• Supplied records:

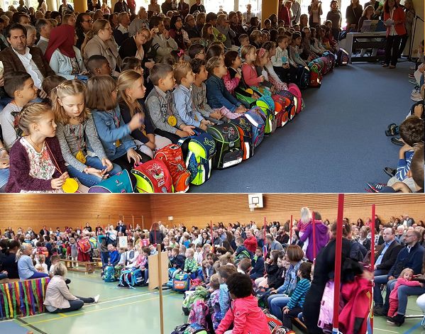 128 neue ABC-Schützen (Fotos: Büsra Isik/privat)(bi) An beiden Eberbacher Grundschulen wurde gestern die Einschulung der Erstklässler gefeiert.
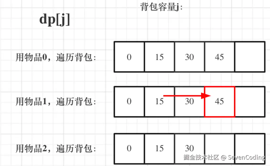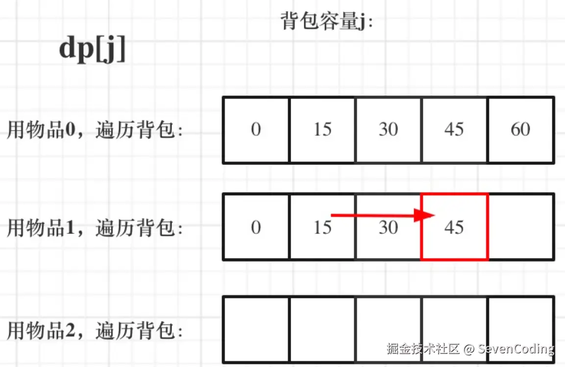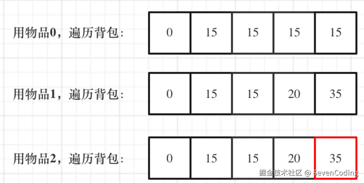 一维dp,分别用物品0,物品1,物品2 来遍历背包,最终得到结果如下:
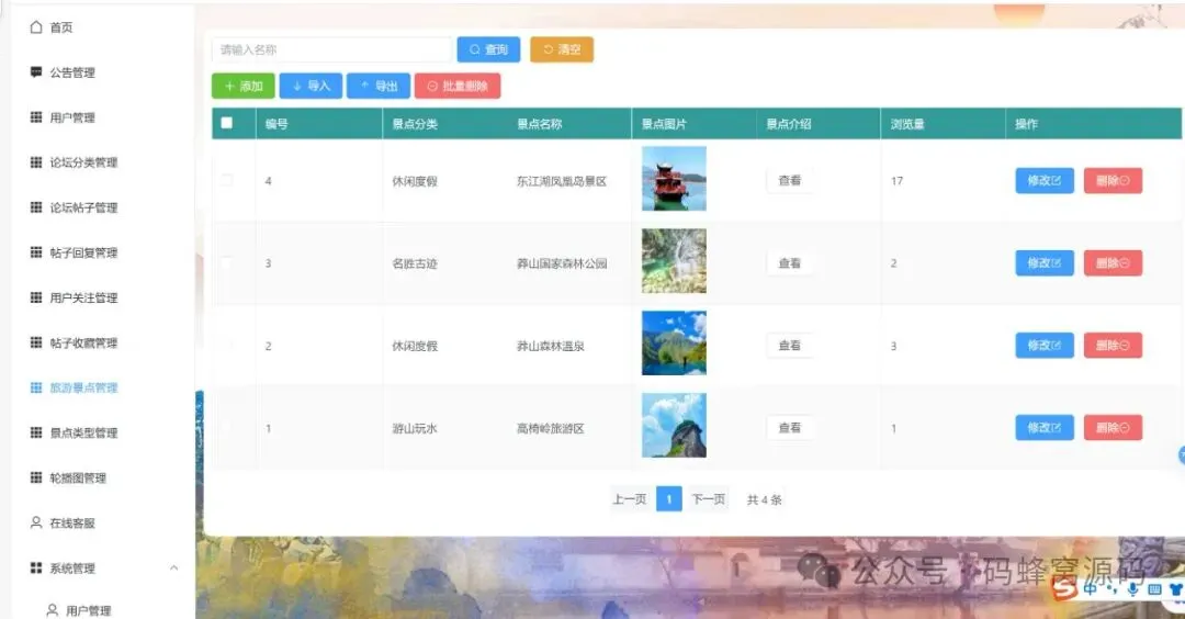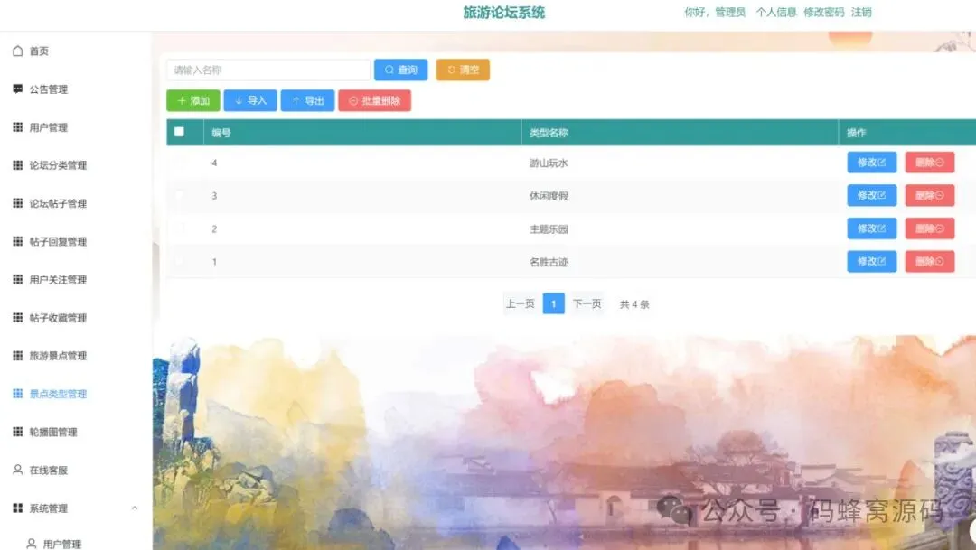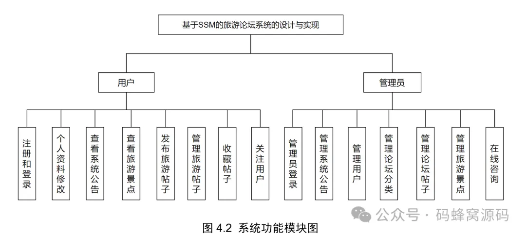 旅游论坛系统包括用户登录注册、个人咨询修改、查看系统公告、查看旅游景点、发布旅游帖子、管理旅游帖子、收藏帖子、关注用户等模块。整个系统的功能模块设计如图:
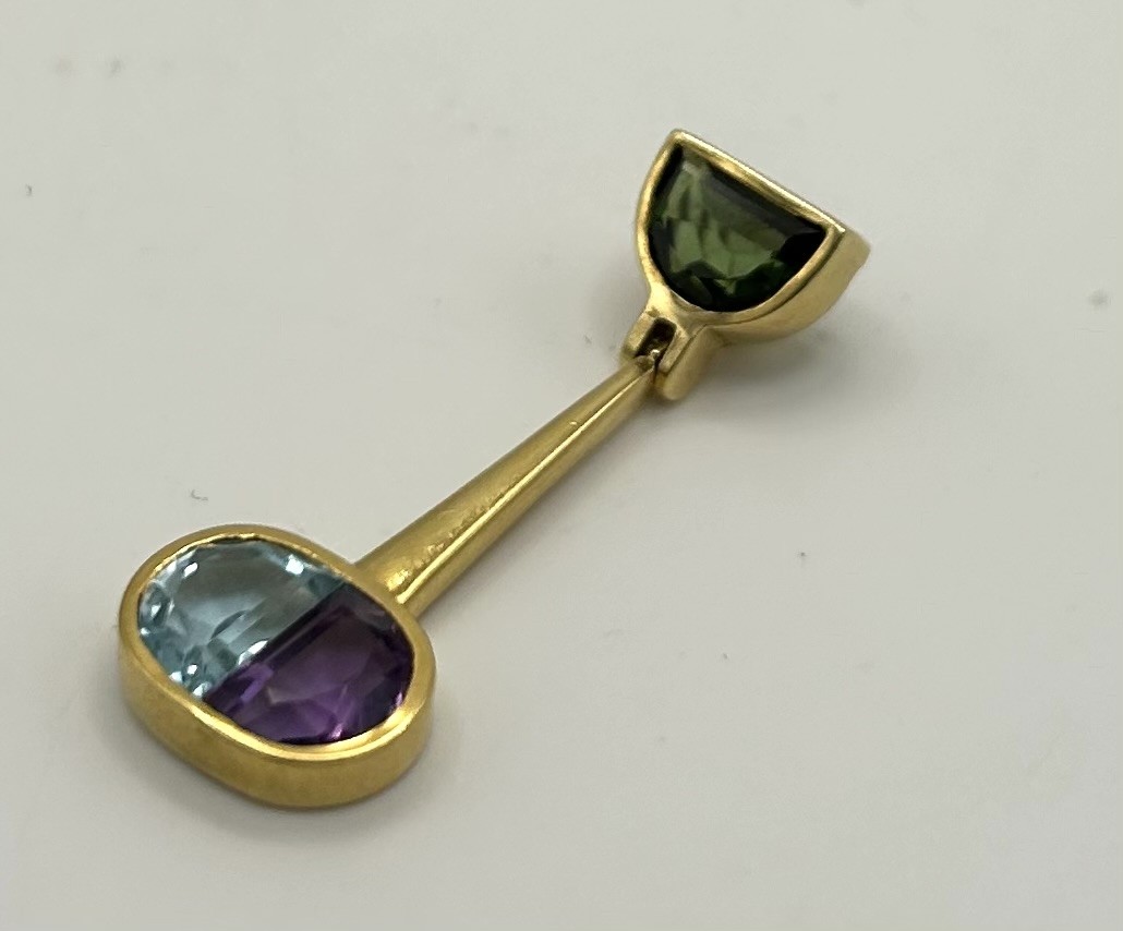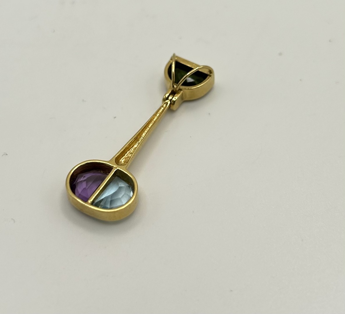 Los 153 - Anhänger, 750 Gelbgold, mit Peridot, Aquamarin und Amethyst. Länglicher Anhänger mit drei Steinen, die symmetrisch angeordnet sind.
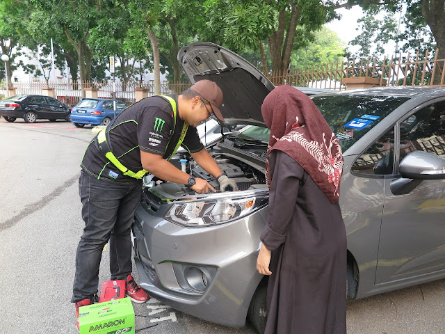 Grgr kereta baru dalam setahun lebih guna, ni kali pertama lah gamaknya bateri buat hal tak hidup langsung. Nasib baik kami kat stesen minyak lagi..Boleh minta tolong orang kat situ jumper kereta.. Kalau tak, memang buntu jugak ni. Huhuhu... Nasib baik ada abang teksi yang sudi bantu kami dua malam tu.. Thank you bang ! Next time kena standby jumper. huhuhu...

• Requirement: No pictures belong in the output. Restate word for word only the lines from the one containing "Los 153 - Anhänger, 750" to the end of the entries above.

• Exercise answer:
 Los 153 - Anhänger, 750 Gelbgold, mit Peridot, Aquamarin und Amethyst. Länglicher Anhänger mit drei Steinen, die symmetrisch angeordnet sind.
 Grgr kereta baru dalam setahun lebih guna, ni kali pertama lah gamaknya bateri buat hal tak hidup langsung. Nasib baik kami kat stesen minyak lagi..Boleh minta tolong orang kat situ jumper kereta.. Kalau tak, memang buntu jugak ni. Huhuhu... Nasib baik ada abang teksi yang sudi bantu kami dua malam tu.. Thank you bang ! Next time kena standby jumper. huhuhu...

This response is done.